I have ususally been able to get most of the air out of the system by just turning the helm pumps back and forth a bunch of times. You need to check the fluid level while doing this and add to keep from pumping more air back in. If you have high spots in the lines you may need to crack some fittings loose to release air that can't get back to the pump. If possible fill the cylinders with fluid before you hook up the hoses. Hopefully someone else has an easier way, it can take a while to get all the air out if you have long runs or more than one helm station.


----------



## brak (Jan 5, 2007)

for the first rough bleed, you have to open "bleed valves" on the hydraulic ram, and then turn the wheel until air stops coming out. that will get the major bubbles out, but the system will still have enough to be "soggy". There are all sorts of contraptions that promise to suck the air out (connecting to bleed ports on the ram and to the fill port), but it really does not seem possible to me to fully bleed the system that way. On mine, bleed valves would re-admit some air back in when open by their very nature. 

After a primary bleed I usually let it stand for a while, so that air would move upwards towards the steering pump. then, just turn steering all the way to one side and another, alternating - depending on your setup the air would escape from the fill port. My hoses run fairly level, and having a boat sway a bit (at anchor or some such) helps shuffle air around  Or just shake the hoses by hand if they are rubber or plastic.

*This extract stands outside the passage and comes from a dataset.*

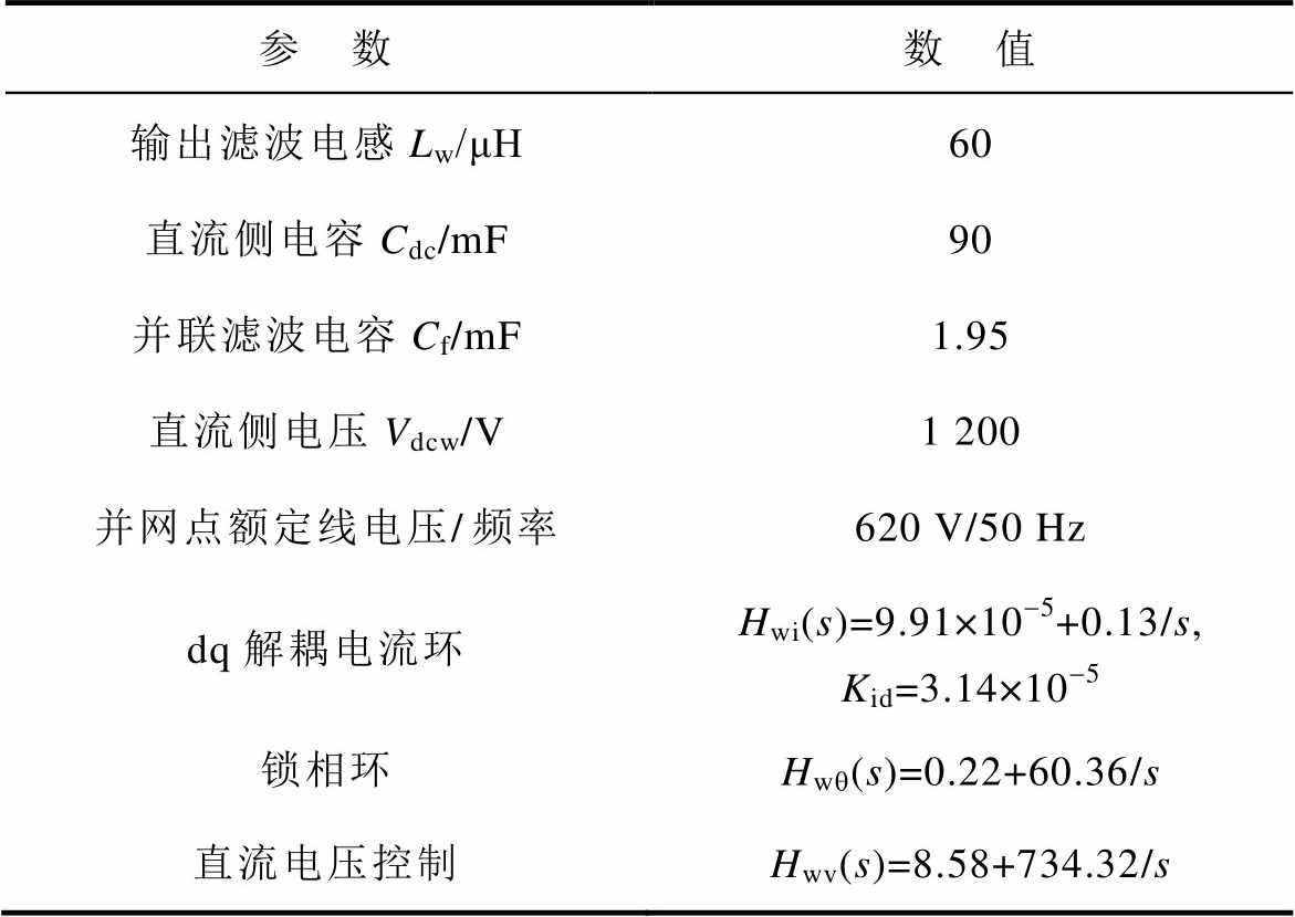 参 数数 值 输出滤波电感Lw/μH60 直流侧电容Cdc/mF90 并联滤波电容Cf/mF1.95 直流侧电压Vdcw/V1 200 并网点额定线电压/频率620 V/50 Hz dq解耦电流环Hwi(s)=9.91×10-5+0.13/s,Kid=3.14×10-5 锁相环Hwq(s)=0.22+60.36/s 直流电压控制Hwv(s)=8.58+734.32/s

Initially I had a funnel with hydraulic fluid fitted to fill port and bubbles escaped into funnel, while fluid went into the system. Since I added a small reservoir, bleeding seems to have become unnecessary - air just moves upwards into the top of reservoir on its own, all I have to do is top it off may be once a season (though it only had been a season since I installed it).


----------



## Ilenart (Jul 23, 2007)

A couple of years ago I helped my mechanic to bleed the hydraulics after a ram service and he got me to spin the wheel first one way with a bleed valve open, then he closed that valve and opened another one & I spun the wheel the other way. We did this 3 or four times until only hydraulic fluid came out. Has worked fine for the last two years. Definitely a two person job.

Ilenart


----------



## boatpoker (Jul 21, 2008)

Not all rams have bleed valve so you may have to crack the union on one line at the ram and have someone turn the wheel back and forth (full cycle) and fill the helm pump at the same time. The second person must remain at the ram and tighten the nut when air ceases to bubble out. Crack the other nut at the ram and repeat. This can take five minutes or 1hr. depending on length and angle of lines. You may have to go back to the first nut on the ram and repeat one time. I just installed a new hydraulic system by myself and it was a major ***** running back and forth from the helm to the ram.


----------